Training providers delivering apprenticeships earmarked for defunding will face limits on new starts to prevent a last-minute recruitment surge that could blow the budget.
Work and pensions secretary Pat McFadden announced this morning that the government will remove funding from 16 apprenticeship standards – including popular management courses – that do not to support young people or the government’s industrial strategy ambitions.
The Department for Work and Pensions (DWP) said the “baseline” plan is for defunding to take effect from September 1, 2026, although notice periods could be “extended by exception” where providers face a significant impact.
However, letters sent to multiple training providers and seen by FE Week show that defunding will kick in immediately for providers that do not currently deliver the standards being axed.
“Providers who did not deliver the standard in 2024-25 or have not reported starts in 2025-26 will not be permitted to begin new delivery,” the DWP wrote.
For providers that are already delivering the affected apprenticeships, funding will cease on December 17, 2026, the letters added.
Until then, new starts will be capped. Each letter seen by FE Week so far shows the limit will be set at 75 per cent of the volume each provider delivered in 2024-25 for every standard being withdrawn.
It is unclear whether the DWP will introduce different transition arrangements – such as alternative defunding dates or cap levels – for individual providers.
The department said the caps are intended to ensure removing the standards “deliver the savings needed to invest in new opportunities elsewhere in the programme, whilst still allowing a reasonable level of delivery so that providers can manage the transition and make orderly arrangements”.
It added that start limits will be set in a proportionate way to a providers recent delivery on each of the standards being withdrawn to ensure a “fair and consistent approach across all providers and prevents the surge in recruitment that has occurred previously when standards were announced for withdrawal without controls”.

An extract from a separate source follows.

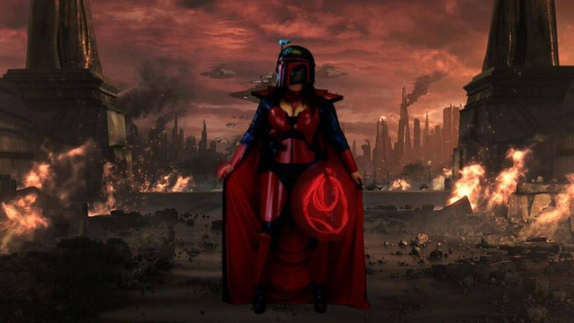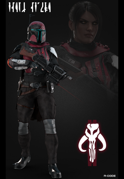 A seasoned Mandalorian woman with custom armor.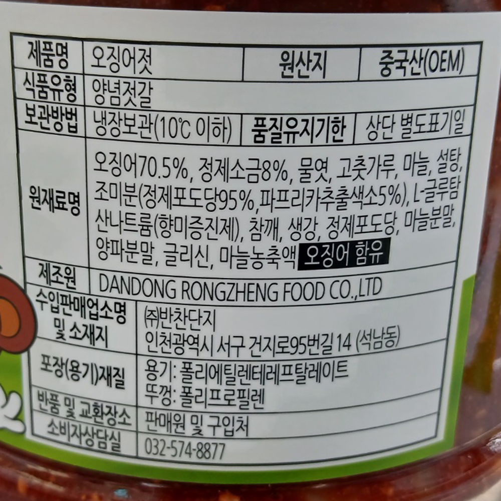 | 원재료명 및 함량(농수산물의 원산지 표시에 관한 법률에 따른 원산지 표시 포함) | 오징어 70.05%, 정제소금 8%, 물엿, 고추가루, 마늘, 설탕, 조미분등 |

The move follows a surge in level 7 apprenticeship starts in the months before funding was withdrawn for those aged 22 and over, which added further pressure to England’s already stretched apprenticeships budget.
Jill Whittaker, co-founder of HIT Training that forms part of The Opportunity Provider, said it was “refreshing to see” the government has recognised and learned from the “mistakes” of level 7 by applying a cap to the apprenticeships earmarked for defunding.
“I think it makes sense. It means a few challenging conversations with clients that have 12-month plans, but nothing we can’t work through,” she added.
The DWP stressed the restrictions apply only to new starts, with no change for existing apprentices.
“All learners already on programme must continue to be supported through to completion, and funding will remain available for this,” the department added.
DWP confirmed that this means if a provider has a 75 per cent starts cap on a standard, they start from 0 from today and can take on 75 per cent of their total starts from 2024-25 up until funding is switched off.